Stored items from a collection:
----

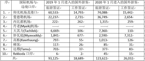 据2月11日出版的《缅甸之光》报报导,2020年1月份由各口岸进入缅甸的游客近15万人,比去年同期增加近4万人。具体数据如下表:
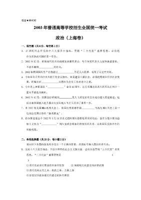 2003年上海市高中毕业统一学业考试政治试卷(答案版).doc
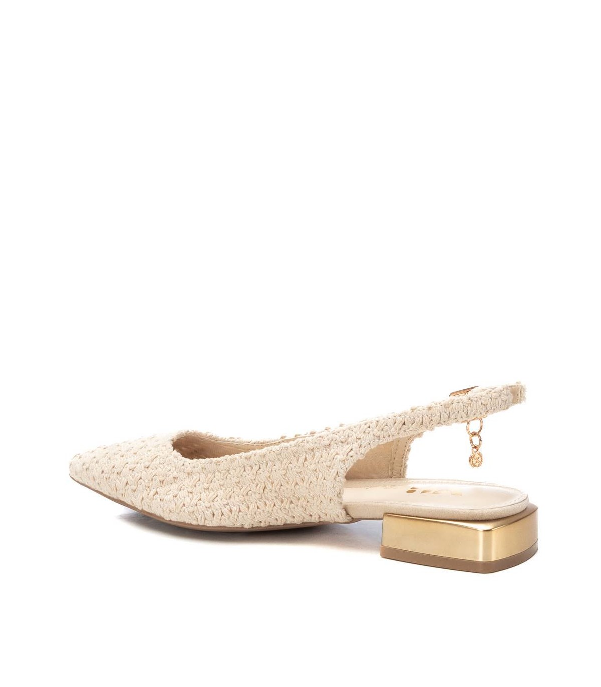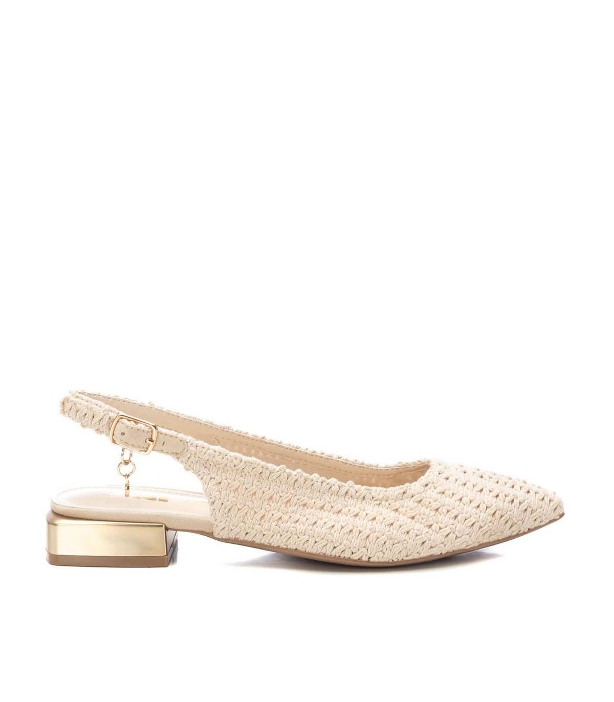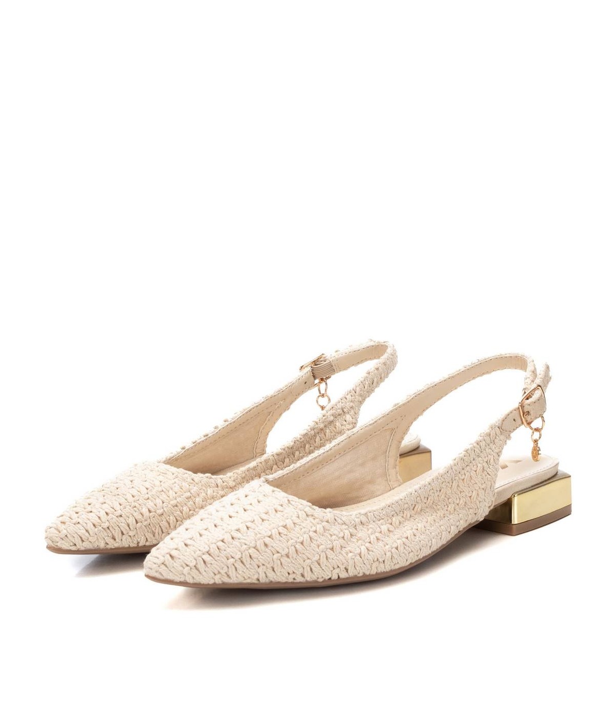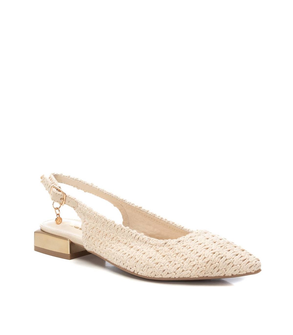 Bailarina de mujer, de la marca Xti. Fabricada en material textil crochet. Modelo de punta destalonado con tacón bajo destalonado. Suela plana de goma antideslizante. Este modelo ha obtenido el certificado vegano por la organización mundial PETA (Organización de los derechos de los animales).
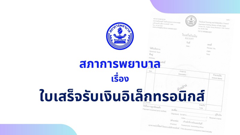 สภาการพยาบาลแจ้งการออกใบเสร็จรับเงินในรูปแบบ ใบเสร็จรับเงินอิเล็กทรอนิกส์ เพื่อยกระดับคุณภาพงานบริการให้ทันสมัย สะดวก และมีประสิทธิภาพมากยิ่งขึ้น ใบเสร็จรับเงินอิเล็กทรอนิกส์ นี้จะเป็นลักษณะไฟล์ PDF ทั้ง ภาษาไทยและภาษาอังกฤษ พร้อมลายมือชื่ออิเล็กทรอนิกส์ของเจ้าหน้าที่ผู้รับเงินอย่างถูกต้องตามมาตรฐาน
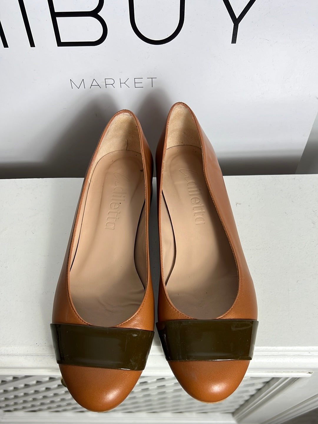 LA DILETTA. Bailarinas piel tacòn bajo. T 37
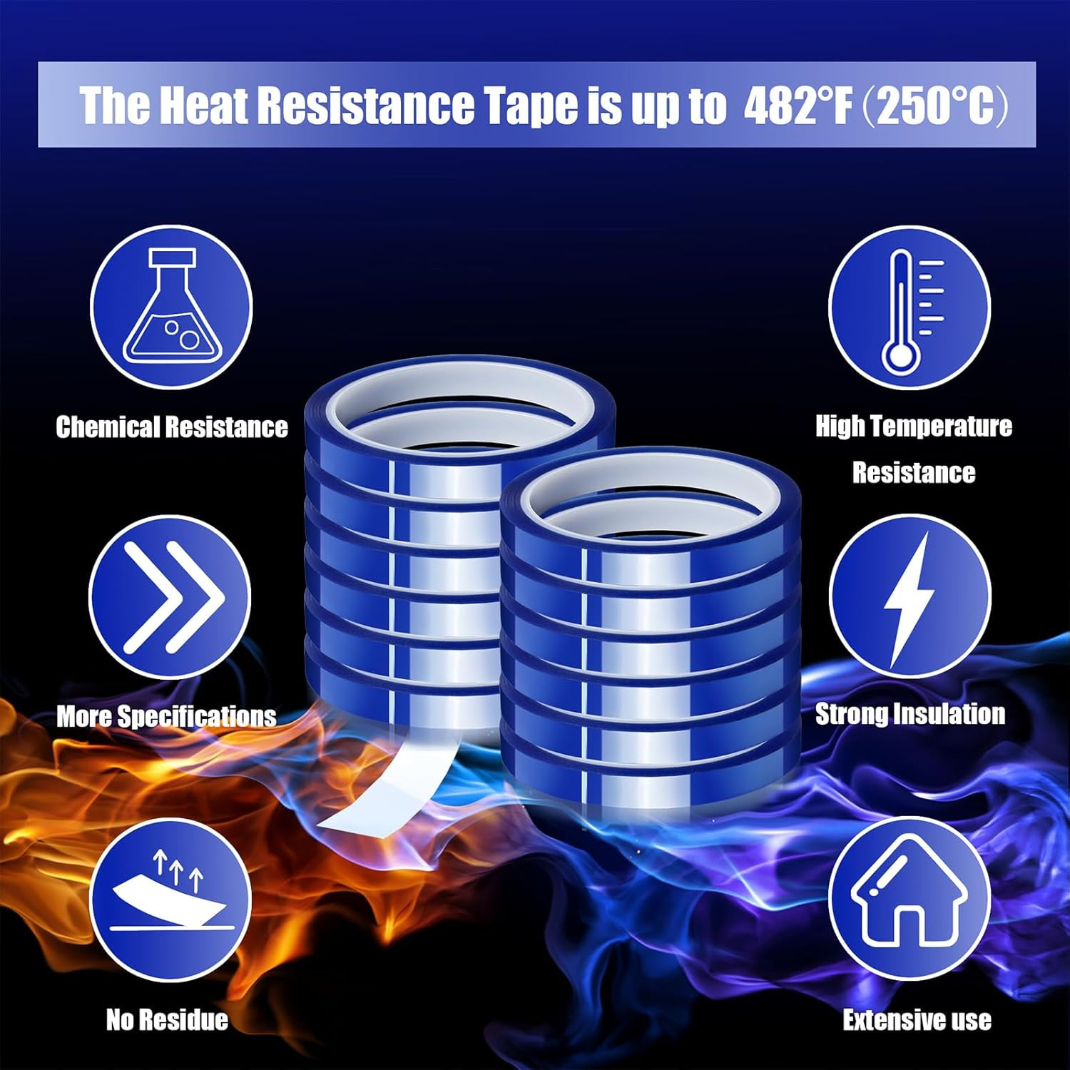 12 Rolls 10mm x33m 108ft Blue Heat Tape High Temperature Heat Resistant Tape...
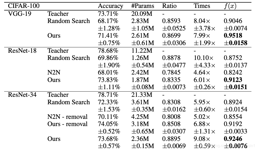 最近在 2019 年,Cao 等人。使用贝叶斯优化来搜索最佳压缩架构。在他们的实现中,他们不断地添加到一组模型中,这些模型都基于原始网络,但通过随机删除或收缩层并添加跳过连接进行了压缩。这些架构是根据与原始架构相比减少的参数数量和准确度来评估的。在多个 epoch 中,对模型进行采样并用于学习预测新的随机生成的压缩模型在压缩和准确性方面将在多大程度上优于该集合的当前最佳模型——这样,随机生成的架构不会不必经历对数据进行实际评估的时间密集型过程,而是可以探索更多架构。基于这些预测,新生成的模型中最有希望的将根据数据进行评估,并将其添加到不断增长的模型集中,然后该过程继续进行。最后,在压缩和精度方面选择集合中最好的模型。下表展示了与随机 NAS 方法和 Ashok 等人相比,Cao 等人的方法在 CIFAR-100 数据集上压缩三种结构以进行图像分类的有效性。 al 最先进的“N2N”技术。
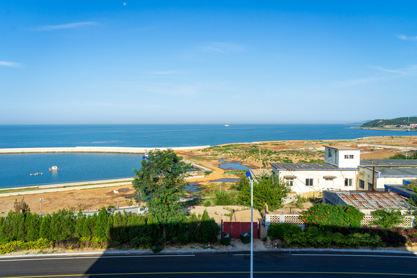 而準備啟程返家的清晨,晨起7點鐘,還有建筑的影子落在前方,光明與陰暗在眼前交匯,更遠處,是早就明亮起來的土地,藍的醉人的海與天。海上零星飄著的漁船,像極了空中的繁星點點。
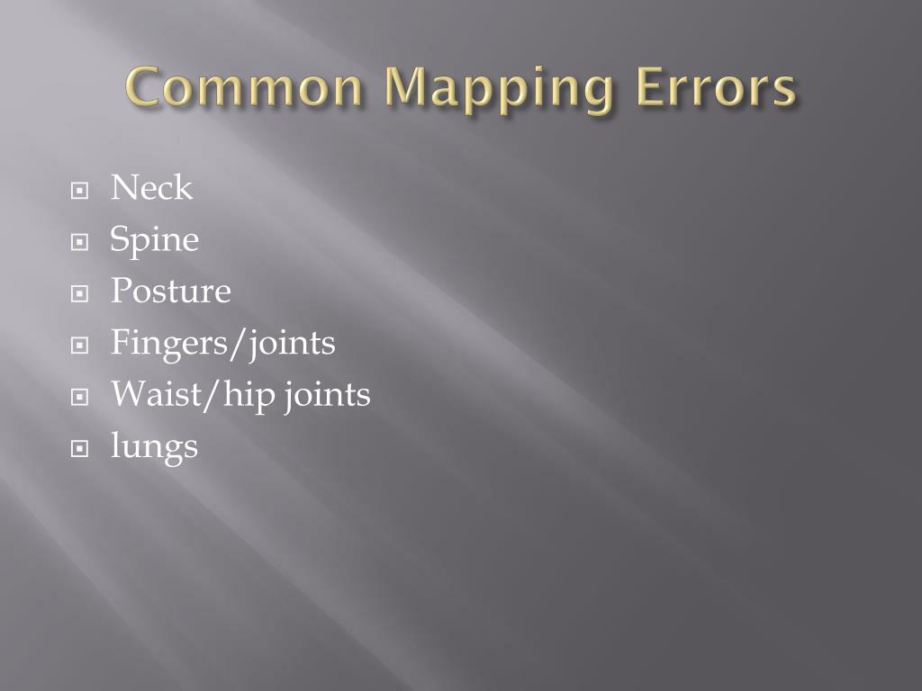 Common Mapping Errors • Neck • Spine • Posture • Fingers/joints • Waist/hip joints • lungs
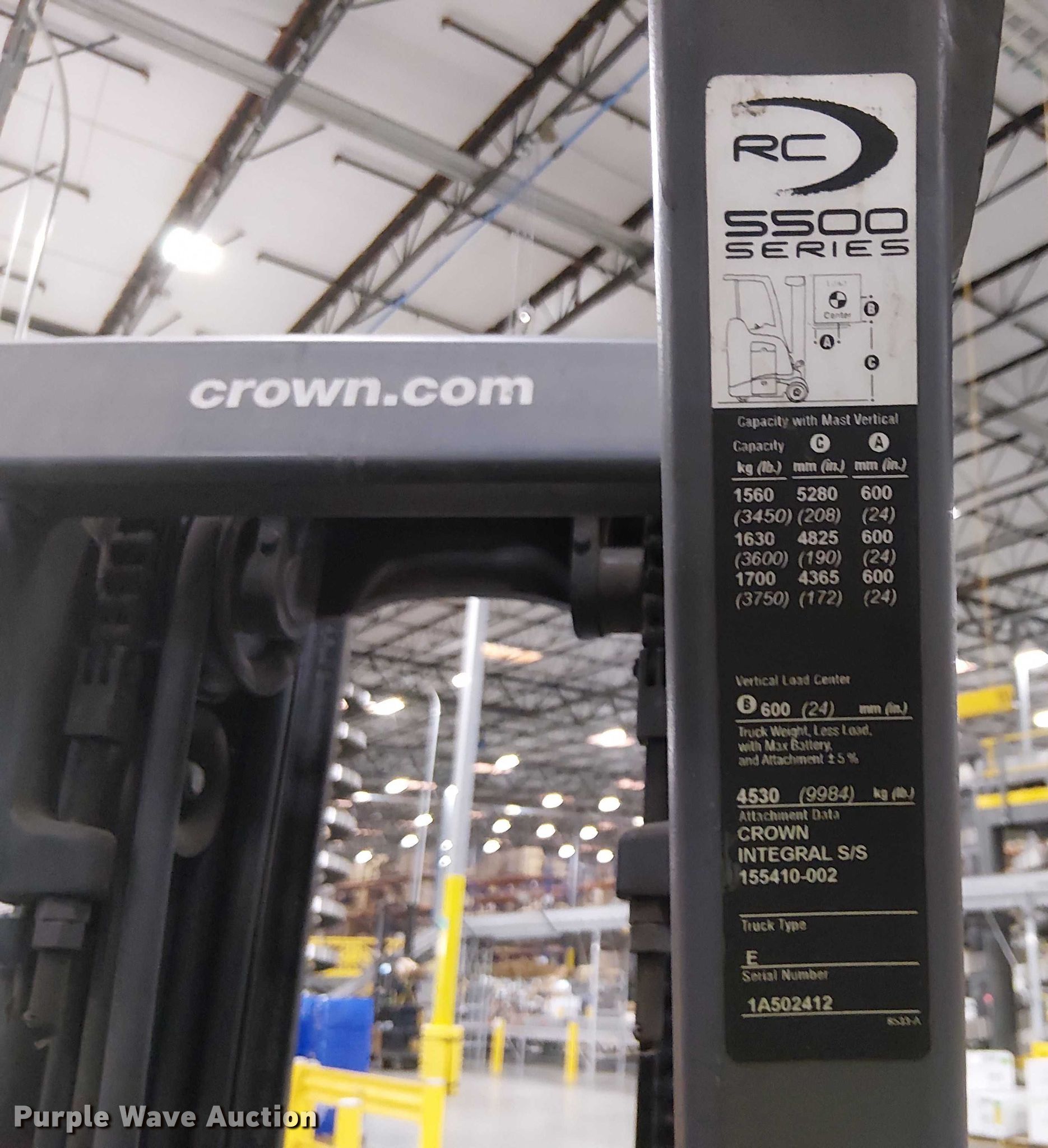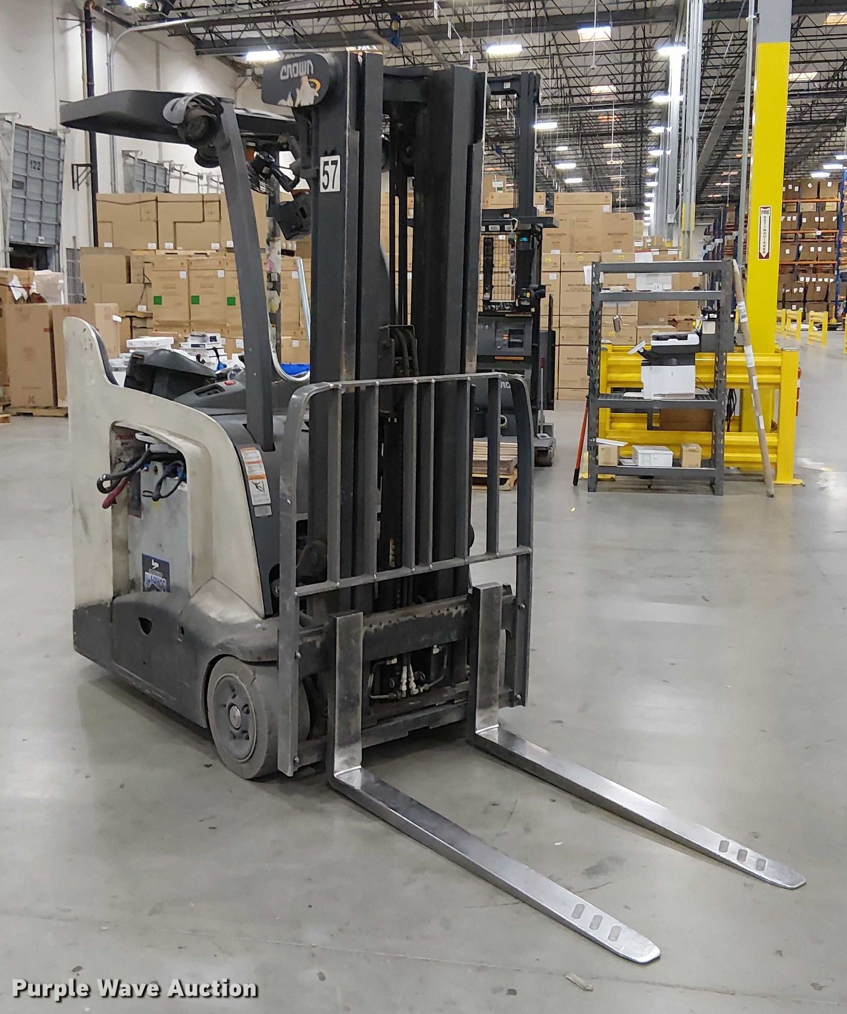Purple Wave is selling a used Warehouse Forklift in California. This item is a 2017 Crown RC5545-40 forklift with the following: Hours: 14,466 on meter, Miles or hours may vary, unit still in use, Serial: 1A502412, Unit #: SFS2649

----

▶ _Your objective_
Give back each entry verbatim but drop its pictures.

▶ _Solution for this problem_
 据2月11日出版的《缅甸之光》报报导,2020年1月份由各口岸进入缅甸的游客近15万人,比去年同期增加近4万人。具体数据如下表:
 2003年上海市高中毕业统一学业考试政治试卷(答案版).doc
 Bailarina de mujer, de la marca Xti. Fabricada en material textil crochet. Modelo de punta destalonado con tacón bajo destalonado. Suela plana de goma antideslizante. Este modelo ha obtenido el certificado vegano por la organización mundial PETA (Organización de los derechos de los animales).
 สภาการพยาบาลแจ้งการออกใบเสร็จรับเงินในรูปแบบ ใบเสร็จรับเงินอิเล็กทรอนิกส์ เพื่อยกระดับคุณภาพงานบริการให้ทันสมัย สะดวก และมีประสิทธิภาพมากยิ่งขึ้น ใบเสร็จรับเงินอิเล็กทรอนิกส์ นี้จะเป็นลักษณะไฟล์ PDF ทั้ง ภาษาไทยและภาษาอังกฤษ พร้อมลายมือชื่ออิเล็กทรอนิกส์ของเจ้าหน้าที่ผู้รับเงินอย่างถูกต้องตามมาตรฐาน
 LA DILETTA. Bailarinas piel tacòn bajo. T 37
 12 Rolls 10mm x33m 108ft Blue Heat Tape High Temperature Heat Resistant Tape...
 最近在 2019 年,Cao 等人。使用贝叶斯优化来搜索最佳压缩架构。在他们的实现中,他们不断地添加到一组模型中,这些模型都基于原始网络,但通过随机删除或收缩层并添加跳过连接进行了压缩。这些架构是根据与原始架构相比减少的参数数量和准确度来评估的。在多个 epoch 中,对模型进行采样并用于学习预测新的随机生成的压缩模型在压缩和准确性方面将在多大程度上优于该集合的当前最佳模型——这样,随机生成的架构不会不必经历对数据进行实际评估的时间密集型过程,而是可以探索更多架构。基于这些预测,新生成的模型中最有希望的将根据数据进行评估,并将其添加到不断增长的模型集中,然后该过程继续进行。最后,在压缩和精度方面选择集合中最好的模型。下表展示了与随机 NAS 方法和 Ashok 等人相比,Cao 等人的方法在 CIFAR-100 数据集上压缩三种结构以进行图像分类的有效性。 al 最先进的“N2N”技术。
 而準備啟程返家的清晨,晨起7點鐘,還有建筑的影子落在前方,光明與陰暗在眼前交匯,更遠處,是早就明亮起來的土地,藍的醉人的海與天。海上零星飄著的漁船,像極了空中的繁星點點。
 Common Mapping Errors • Neck • Spine • Posture • Fingers/joints • Waist/hip joints • lungs
Purple Wave is selling a used Warehouse Forklift in California. This item is a 2017 Crown RC5545-40 forklift with the following: Hours: 14,466 on meter, Miles or hours may vary, unit still in use, Serial: 1A502412, Unit #: SFS2649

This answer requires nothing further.